Parametric surfaces are a way to represent a surface in three-dimensional space using two parameters, typically denoted as \(u\) and \(v\). Instead of relying on traditional Cartesian coordinates \((x, y, z)\), parametric surfaces describe each point on the surface based on parameter values. This method is powerful because it allows for the easy representation and manipulation of complex surfaces.

In our exercise, we have the vector-valued function \(\mathbf{r}(u, v) = u \cos v \mathbf{i} + u \sin v \mathbf{j} + u^2 \mathbf{k}\). This function maps any point \((u, v)\) to a point \((x, y, z)\) in 3D space:

• \(x = u \cos v\)
• \(y = u \sin v\)
• \(z = u^2\)

This specific surface is described over the range \(0 \leq u \leq \sin v\) and \(0 \leq v \leq \pi\).

By adjusting the parameters, you can trace out every point on the surface, which is particularly useful in calculating integrals over those surfaces.

The cross product is a mathematical operation used to find a vector perpendicular to two given vectors in three-dimensional space. It's particularly useful in determining the normal vector to a surface, which is essential for calculating surface integrals.

In this context, the cross product \(\mathbf{r}_u \times \mathbf{r}_v\) is calculated from the partial derivatives \(\frac{\partial \mathbf{r}}{\partial u}\) and \(\frac{\partial \mathbf{r}}{\partial v}\):

• \(\frac{\partial \mathbf{r}}{\partial u} = \cos v \mathbf{i} + \sin v \mathbf{j} + 2u \mathbf{k}\)
• \(\frac{\partial \mathbf{r}}{\partial v} = -u \sin v \mathbf{i} + u \cos v \mathbf{j}\)

Using the determinant formula for vectors, we find:
\[\mathbf{r}_u \times \mathbf{r}_v = (-2u^2 \cos v) \mathbf{i} + (-2u^2 \sin v) \mathbf{j} + u \mathbf{k}\]

The cross product results in a vector that is oriented perpendicular to the surface at each point, crucial for further calculations.

A double integral is a way to integrate over a two-dimensional region. In the context of surfaces, the double integral calculates the accumulation of a quantity over a surface area.

In our exercise, the double integral expression is:
\[\iint_{\sigma} f(x, y, z) \, dS\]
This integral expression uses the function \(f(x, y, z)\) and the differential element \(dS\), which represents an infinitesimal piece of the surface. The value of the surface integral gives a sense of the function's "content" over the surface.

The setup for the double integral is:
\[\int_0^\pi \int_0^{\sin v} \frac{u\sqrt{4u^2+1}}{\sqrt{1 + 4u^2}} \, du \, dv\]

This process allows us to determine how much of the function is accumulated over the specific range of the parameters.

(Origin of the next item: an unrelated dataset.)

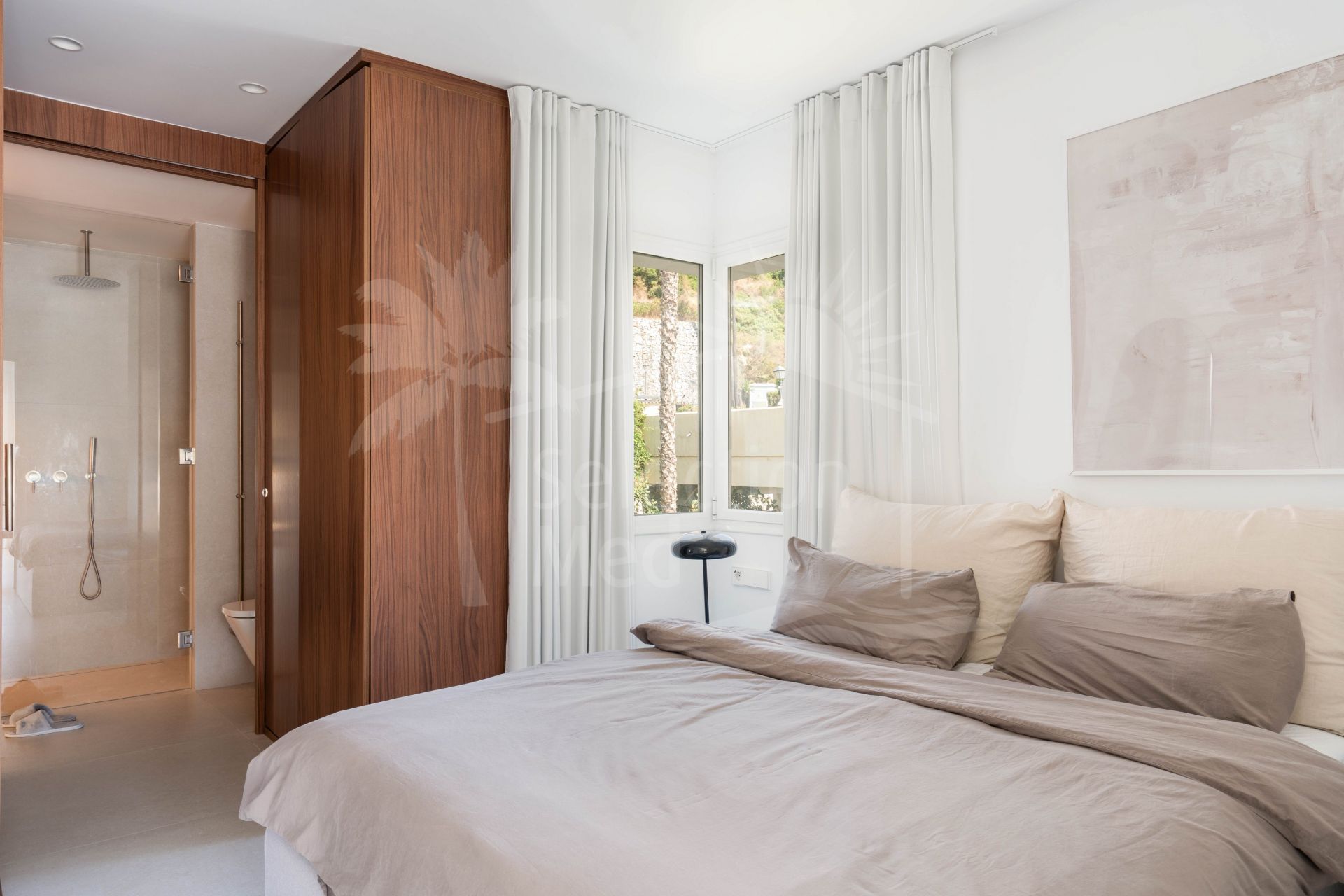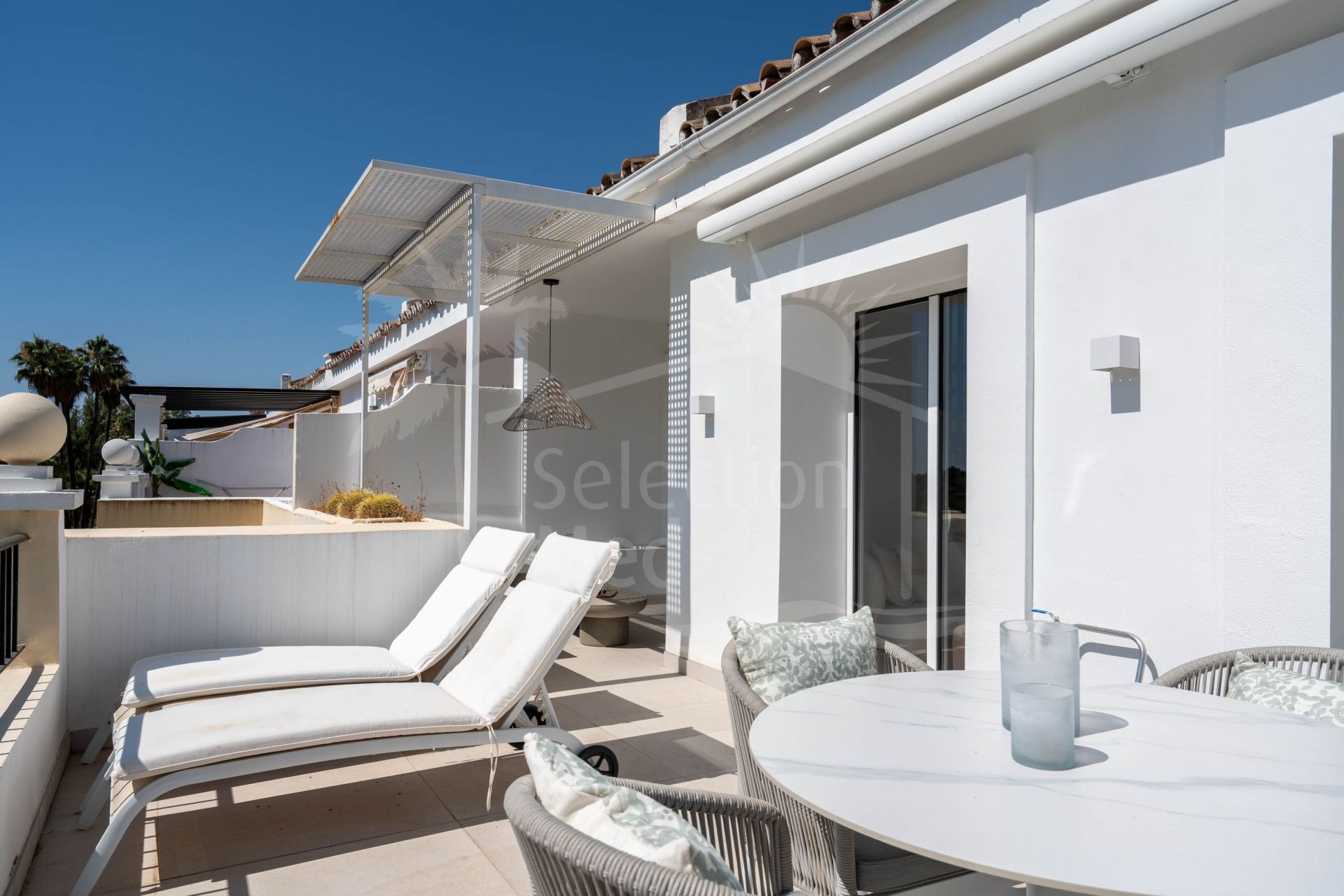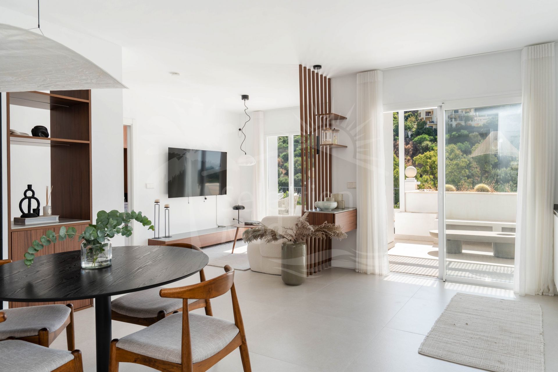 The interior includes two serene bedrooms and three stylish bathrooms, while the expansive terrace—facing south and east—provides breathtaking views of lush landscapes and the Sierra de las Nieves mountains. Ideal for relaxing or entertaining, the terrace seamlessly extends the living space outdoors.
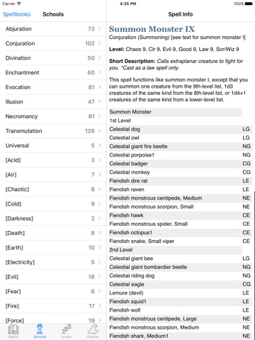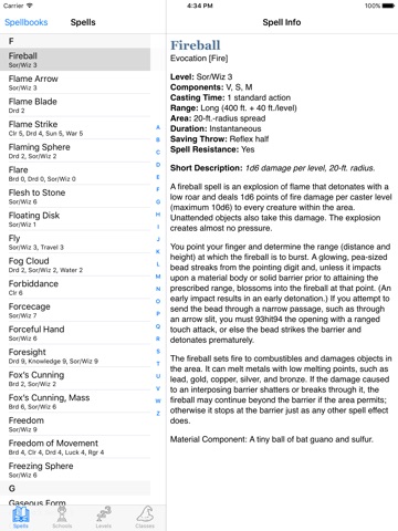 Spells are broken into Spells, Schools, Levels, and Classes, which is helpful. Choosing between d20 or Pathfinder spellbooks is also helpful. The search is fast and the search results show classes and levels for the spell. Is it worth $7 more than Spells 2.08? As a new player, I dont think so.

Partial derivatives are derivatives of functions with multiple variables where one variable is differentiated at a time. They are used extensively in calculus, particularly when dealing with parametrically defined surfaces.

For our surface defined by \(\mathbf{r}(u, v)\), we find the partial derivatives with respect to \(u\) and \(v\) to help determine the area element \(dS\):

• \(\frac{\partial \mathbf{r}}{\partial u} = \cos v \mathbf{i} + \sin v \mathbf{j} + 2u \mathbf{k}\)
• \(\frac{\partial \mathbf{r}}{\partial v} = -u \sin v \mathbf{i} + u \cos v \mathbf{j}\)

The partial derivatives represent tangent vectors to the surface for constant \(u\) and \(v\), respectively. They help form the base vectors from which the normal vector \(\mathbf{r}_u \times \mathbf{r}_v\) is computed, which then assists in calculating the surface element \(dS\).

Understanding partial derivatives is fundamental when calculating surface integrals over parametric surfaces, highlighting the strong connection between multivariable calculus and surface geometry.